## RECORDS FOR THE EXERCISE
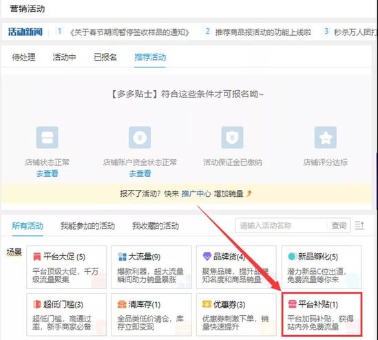 拼多多有意降低商家参与百亿补贴门槛,只要店铺状态、资金状态正常并缴纳保证金,商家即可申请参与百亿补贴活动。补贴款可以选择以推广红包或者货款汇入的形式发放,百亿补贴的活动价不会计入商品历史最低价。
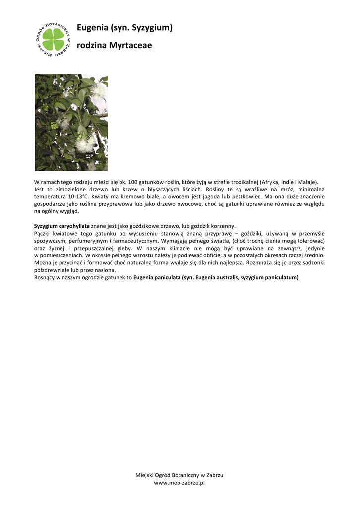 Eugenia (syn. Syzygium) rodzina Myrtaceae W ramach tego rodzaju mieści się ok. 100 gatunków roślin, które żyją w strefie tropikalnej (Afryka, Indie i Malaje). Jest to zimozielone drzewo lub krzew o błyszczących liściach. Rośliny te są wrażliwe na mróz, minimalna temperatura 10-13°C. Kwiaty ma kremowo białe, a owocem jest jagoda lub pestkowiec. Ma ona duże znaczenie gospodarcze jako roślina przyprawowa lub jako drzewo owocowe, choć są gatunki uprawiane również ze względu na ogólny wygląd. Syzygium caryohyllata znane jest jako goździkowe drzewo, lub goździk korzenny. Pączki kwiatowe tego gatunku po wysuszeniu stanowią znaną przyprawę – goździki, używaną w przemyśle spożywczym, perfumeryjnym i farmaceutycznym. Wymagają pełnego światła, (choć trochę cienia mogą tolerować) oraz żyznej i przepuszczalnej gleby. W naszym klimacie nie mogą być uprawiane na zewnątrz, jedynie w pomieszczeniach. W okresie pełnego wzrostu należy je podlewać obficie, a w pozostałych okresach raczej średnio. Można je przycinać i formować choć naturalna forma wydaje się dla nich najlepsza. Rozmnaża się je przez sadzonki półzdrewniałe lub przez nasiona. Rosnący w naszym ogrodzie gatunek to Eugenia paniculata (syn. Eugenia australis, syzygium paniculatum). Miejski Ogród Botaniczny w Zabrzu www.mob-zabrze.pl
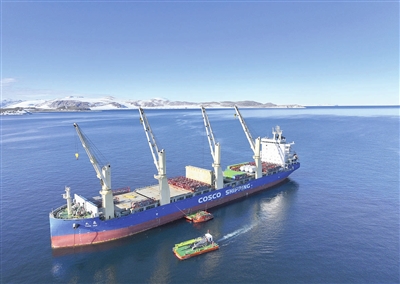 12月8日,“天惠”轮在卸载建站物资(无人机照片)。
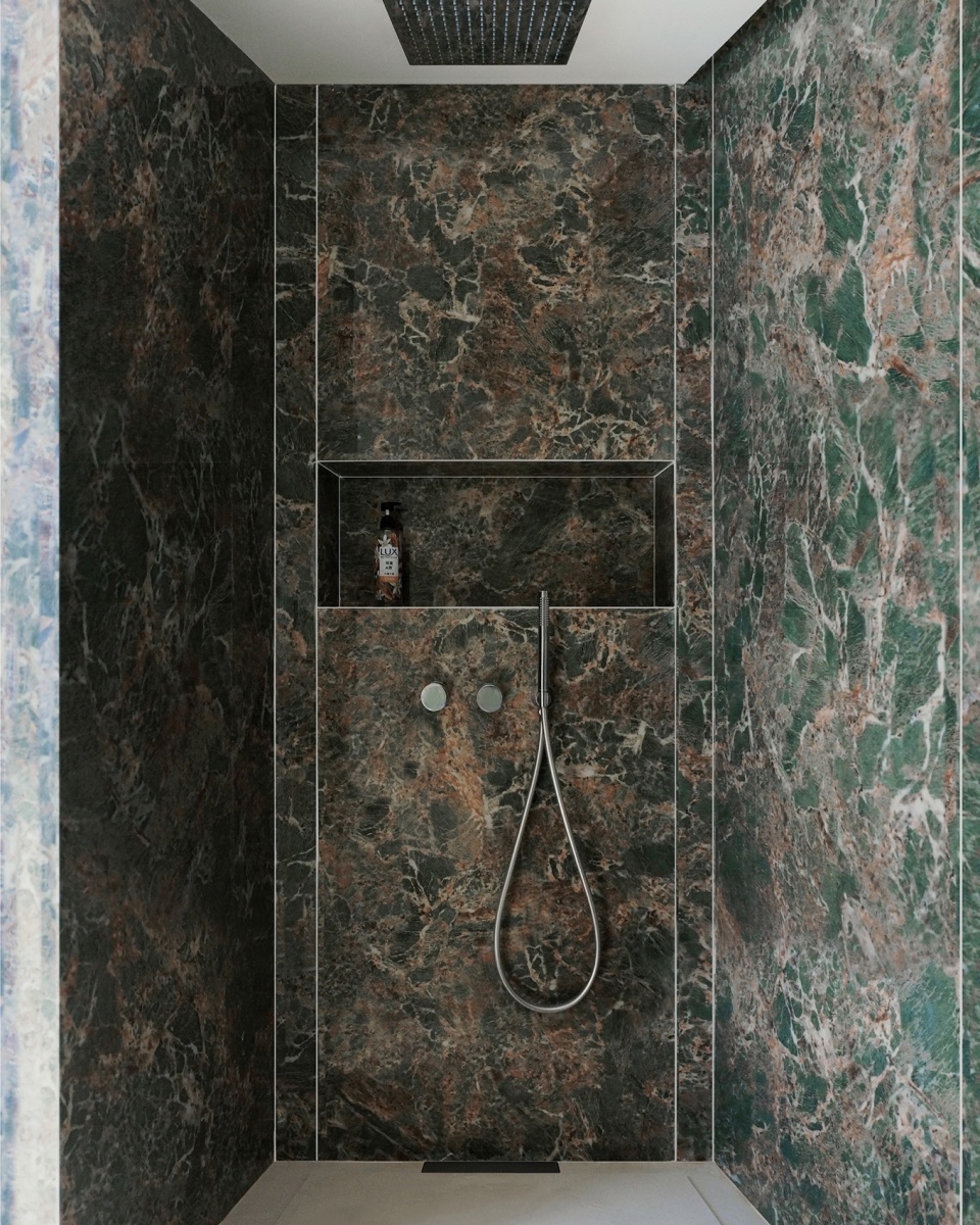 When naked, the body’s perception of space is amplified. Therefore, in the design of the bathroom, we try to eliminate the height difference and separation as much as possible, and use materials with a huge scale, vibrant colors, and rigorous and delicate butt joints to create a space that makes people feel relaxed both physically and mentally.
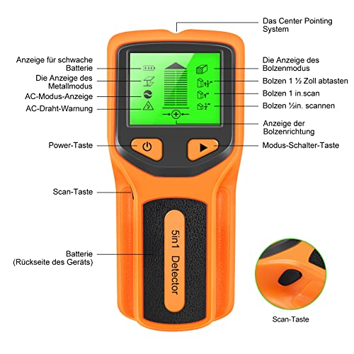 Rilevatore di Metallo e Cavi Elettrici, Scanner da Parete 5 in 1 con display LCD HD, per Metallo,Tubi, Legno,Linea Elettrica,Rilevatore di Corrente Alternata
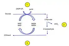 Fermentation is a biochemical process during which yeast and certain bacteria convert sugars to ethanol, carbon dioxide, as well as other metabolic byproducts.[11][12] The fermentation pathway involves pyruvate formed from yeast in the EMP pathway, while some bacteria obtain pyruvate through the ED pathway.[11] Pyruvate is then decarboxylated to acetaldehyde in a reaction involving the enzyme pyruvate decarboxylase.[11] Reduction of acetaldehyde to ethanol produces NAD+, which is catalyzed by alcohol dehydrogenase (ADH).[11] ADH rids the body of alcohol through a process called first pass metabolism.[7] However, if the rate of ethanol breakdown is less than the rate of production, intoxication ensues.
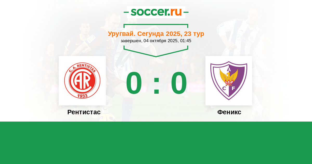 Уругвай. Примера A 15.10.2022 Рентистас Логотип футбольный клуб Рентистас (Монтевидео) 1:3 Логотип футбольный клуб Феникс (Монтевидео) Феникс
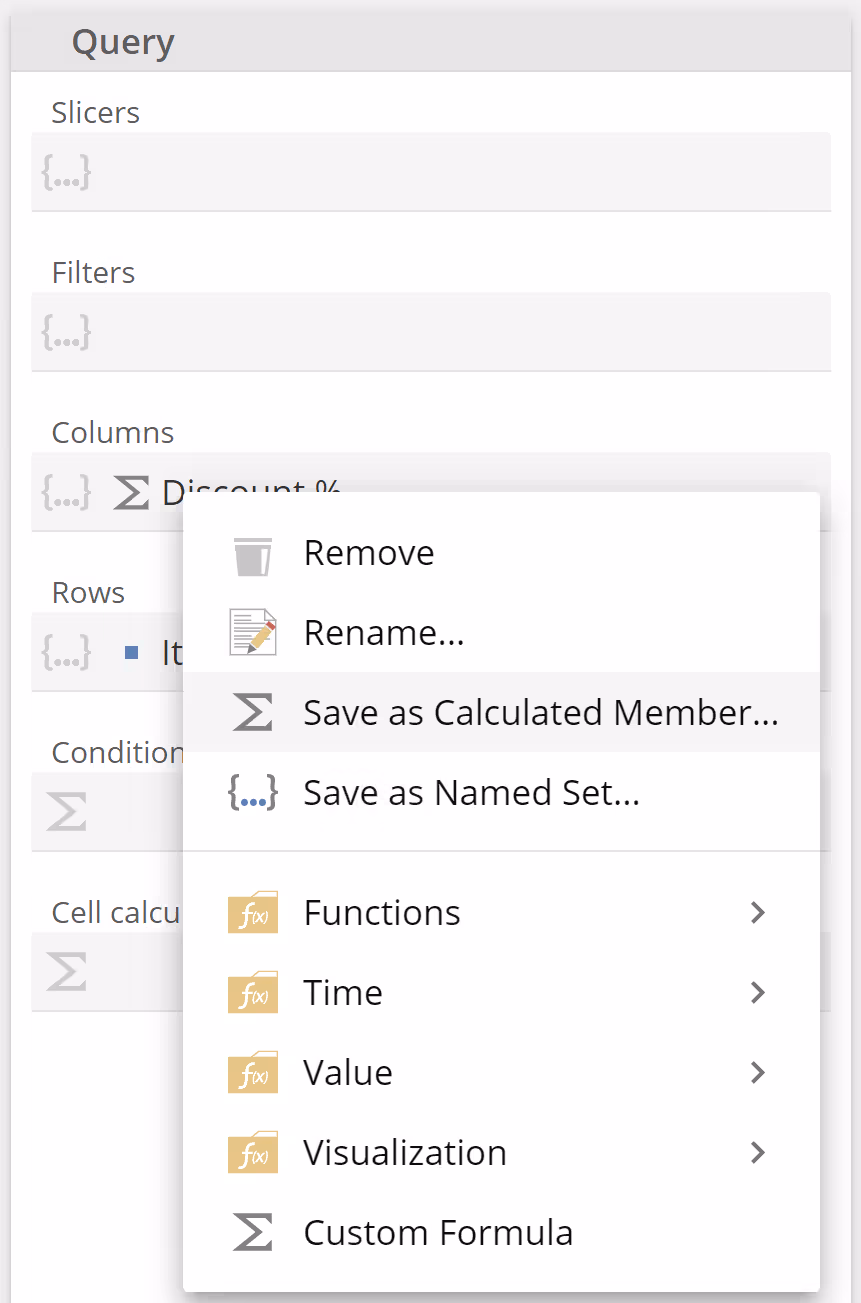 It is common to find a formula that you wish to use across multiple analytics. For example, let's take the **Discount %**we defined previously. If you right-click, the placeholder tab menu will show and provide the option to Save as Calculated Member, as in the following image.

## WHAT THE TASK ASKS
Drop the pictures; repeat the listing above exactly.

## WRITTEN RESPONSE
 拼多多有意降低商家参与百亿补贴门槛,只要店铺状态、资金状态正常并缴纳保证金,商家即可申请参与百亿补贴活动。补贴款可以选择以推广红包或者货款汇入的形式发放,百亿补贴的活动价不会计入商品历史最低价。
 Eugenia (syn. Syzygium) rodzina Myrtaceae W ramach tego rodzaju mieści się ok. 100 gatunków roślin, które żyją w strefie tropikalnej (Afryka, Indie i Malaje). Jest to zimozielone drzewo lub krzew o błyszczących liściach. Rośliny te są wrażliwe na mróz, minimalna temperatura 10-13°C. Kwiaty ma kremowo białe, a owocem jest jagoda lub pestkowiec. Ma ona duże znaczenie gospodarcze jako roślina przyprawowa lub jako drzewo owocowe, choć są gatunki uprawiane również ze względu na ogólny wygląd. Syzygium caryohyllata znane jest jako goździkowe drzewo, lub goździk korzenny. Pączki kwiatowe tego gatunku po wysuszeniu stanowią znaną przyprawę – goździki, używaną w przemyśle spożywczym, perfumeryjnym i farmaceutycznym. Wymagają pełnego światła, (choć trochę cienia mogą tolerować) oraz żyznej i przepuszczalnej gleby. W naszym klimacie nie mogą być uprawiane na zewnątrz, jedynie w pomieszczeniach. W okresie pełnego wzrostu należy je podlewać obficie, a w pozostałych okresach raczej średnio. Można je przycinać i formować choć naturalna forma wydaje się dla nich najlepsza. Rozmnaża się je przez sadzonki półzdrewniałe lub przez nasiona. Rosnący w naszym ogrodzie gatunek to Eugenia paniculata (syn. Eugenia australis, syzygium paniculatum). Miejski Ogród Botaniczny w Zabrzu www.mob-zabrze.pl
 12月8日,“天惠”轮在卸载建站物资(无人机照片)。
 When naked, the body’s perception of space is amplified. Therefore, in the design of the bathroom, we try to eliminate the height difference and separation as much as possible, and use materials with a huge scale, vibrant colors, and rigorous and delicate butt joints to create a space that makes people feel relaxed both physically and mentally.
 Rilevatore di Metallo e Cavi Elettrici, Scanner da Parete 5 in 1 con display LCD HD, per Metallo,Tubi, Legno,Linea Elettrica,Rilevatore di Corrente Alternata
 Fermentation is a biochemical process during which yeast and certain bacteria convert sugars to ethanol, carbon dioxide, as well as other metabolic byproducts.[11][12] The fermentation pathway involves pyruvate formed from yeast in the EMP pathway, while some bacteria obtain pyruvate through the ED pathway.[11] Pyruvate is then decarboxylated to acetaldehyde in a reaction involving the enzyme pyruvate decarboxylase.[11] Reduction of acetaldehyde to ethanol produces NAD+, which is catalyzed by alcohol dehydrogenase (ADH).[11] ADH rids the body of alcohol through a process called first pass metabolism.[7] However, if the rate of ethanol breakdown is less than the rate of production, intoxication ensues.
 Уругвай. Примера A 15.10.2022 Рентистас Логотип футбольный клуб Рентистас (Монтевидео) 1:3 Логотип футбольный клуб Феникс (Монтевидео) Феникс
 It is common to find a formula that you wish to use across multiple analytics. For example, let's take the **Discount %**we defined previously. If you right-click, the placeholder tab menu will show and provide the option to Save as Calculated Member, as in the following image.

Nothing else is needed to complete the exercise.